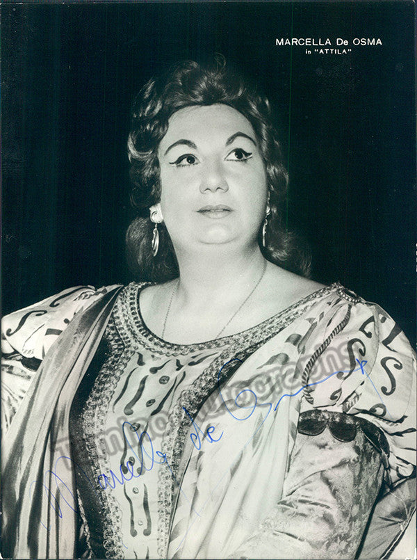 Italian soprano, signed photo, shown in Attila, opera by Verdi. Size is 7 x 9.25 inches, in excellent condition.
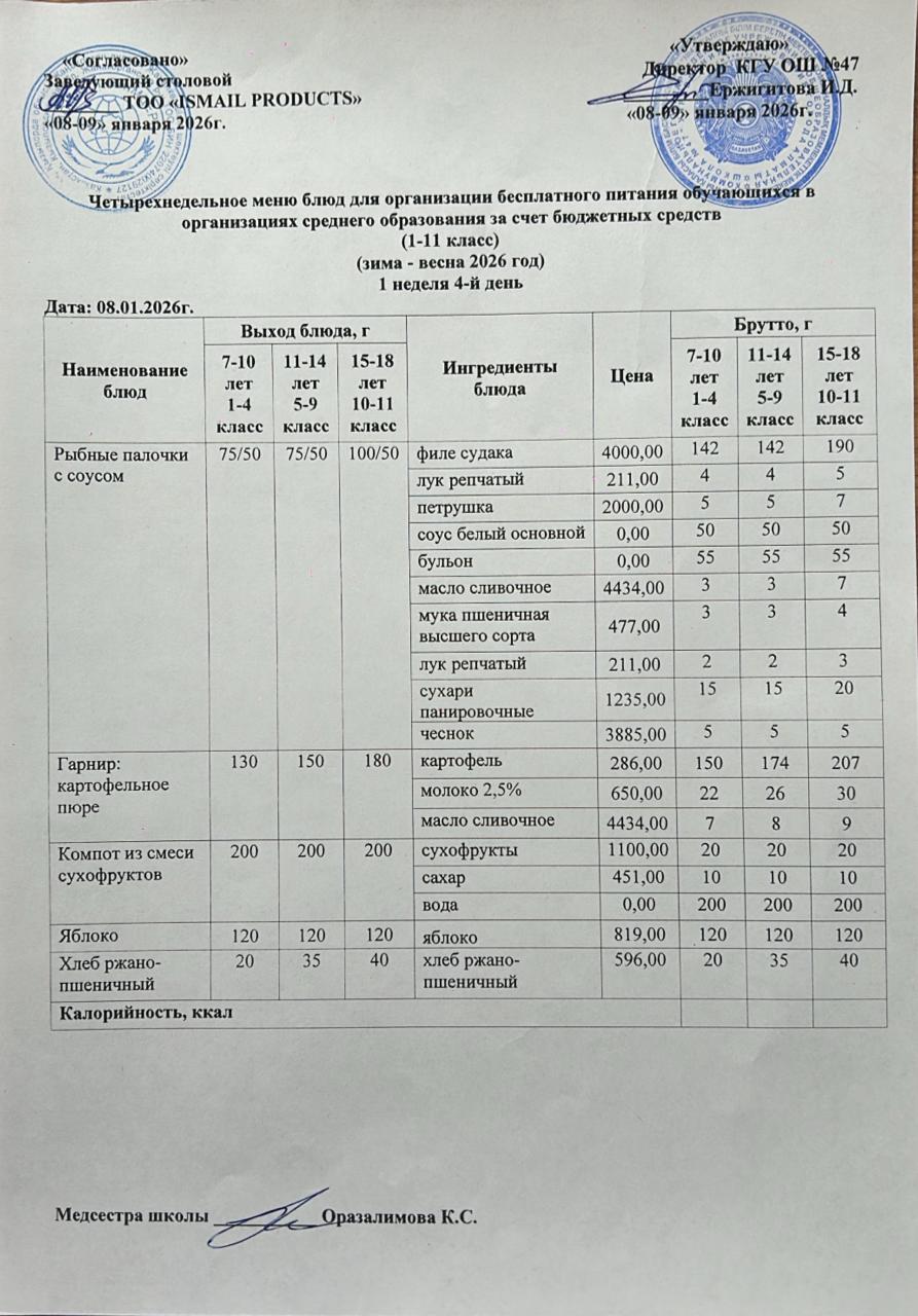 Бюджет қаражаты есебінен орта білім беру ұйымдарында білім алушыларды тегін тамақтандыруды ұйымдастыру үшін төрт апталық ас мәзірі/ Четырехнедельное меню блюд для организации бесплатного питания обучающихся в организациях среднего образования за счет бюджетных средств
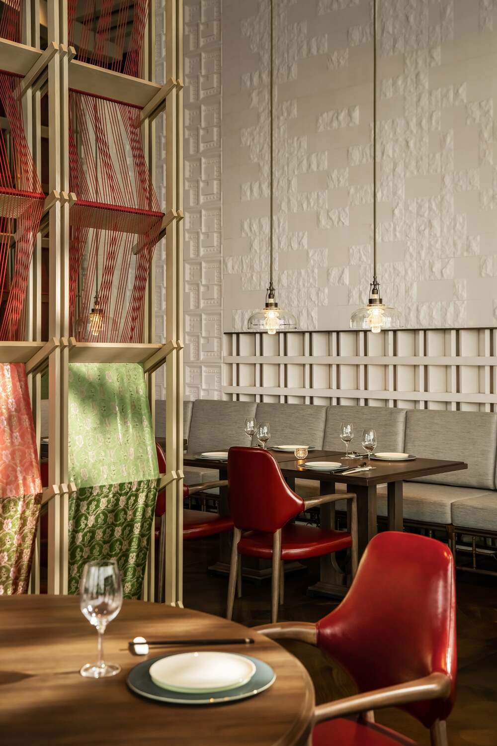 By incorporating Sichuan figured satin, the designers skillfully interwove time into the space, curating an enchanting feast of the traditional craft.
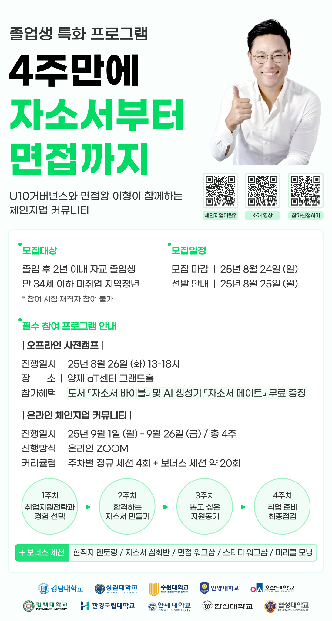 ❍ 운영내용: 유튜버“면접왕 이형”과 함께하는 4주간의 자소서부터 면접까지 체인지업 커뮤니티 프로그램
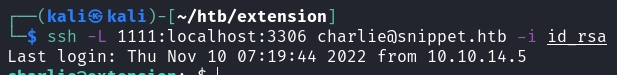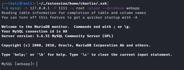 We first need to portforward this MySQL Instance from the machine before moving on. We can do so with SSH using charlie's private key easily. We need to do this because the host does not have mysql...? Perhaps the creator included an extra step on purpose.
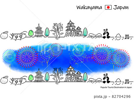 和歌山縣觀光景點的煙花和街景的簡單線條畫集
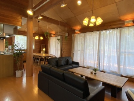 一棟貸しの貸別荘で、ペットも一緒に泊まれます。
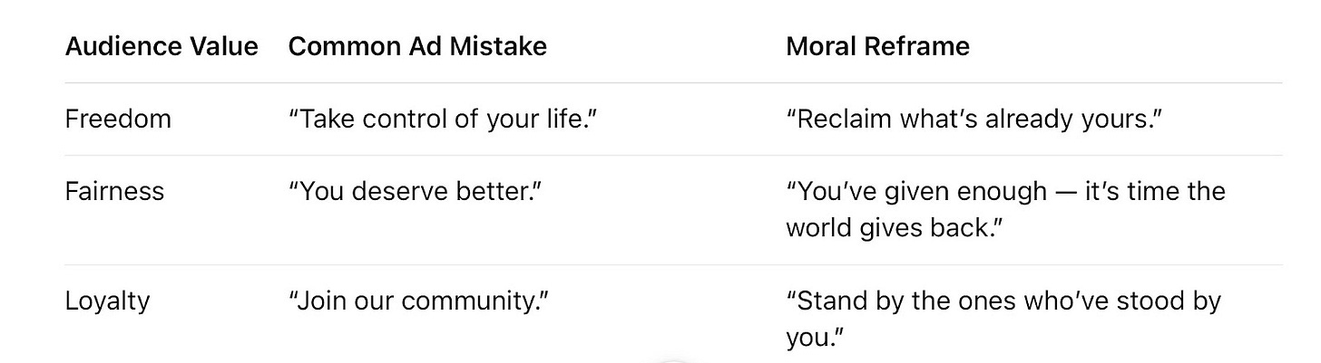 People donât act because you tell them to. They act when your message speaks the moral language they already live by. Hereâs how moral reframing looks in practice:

┄┄┄┄┄┄┄┄┄┄┄┄┄┄┄┄┄┄┄┄

◆ **WHAT THE EXERCISE ASKS**
An exact copy is needed of the lines running from the one with "By incorporating Sichuan" through the end of the data above, and of those lines only, without pictures.

◆ **WRITTEN RESPONSE**
 By incorporating Sichuan figured satin, the designers skillfully interwove time into the space, curating an enchanting feast of the traditional craft.
 ❍ 운영내용: 유튜버“면접왕 이형”과 함께하는 4주간의 자소서부터 면접까지 체인지업 커뮤니티 프로그램
 We first need to portforward this MySQL Instance from the machine before moving on. We can do so with SSH using charlie's private key easily. We need to do this because the host does not have mysql...? Perhaps the creator included an extra step on purpose.
 和歌山縣觀光景點的煙花和街景的簡單線條畫集
 一棟貸しの貸別荘で、ペットも一緒に泊まれます。
 People donât act because you tell them to. They act when your message speaks the moral language they already live by. Hereâs how moral reframing looks in practice:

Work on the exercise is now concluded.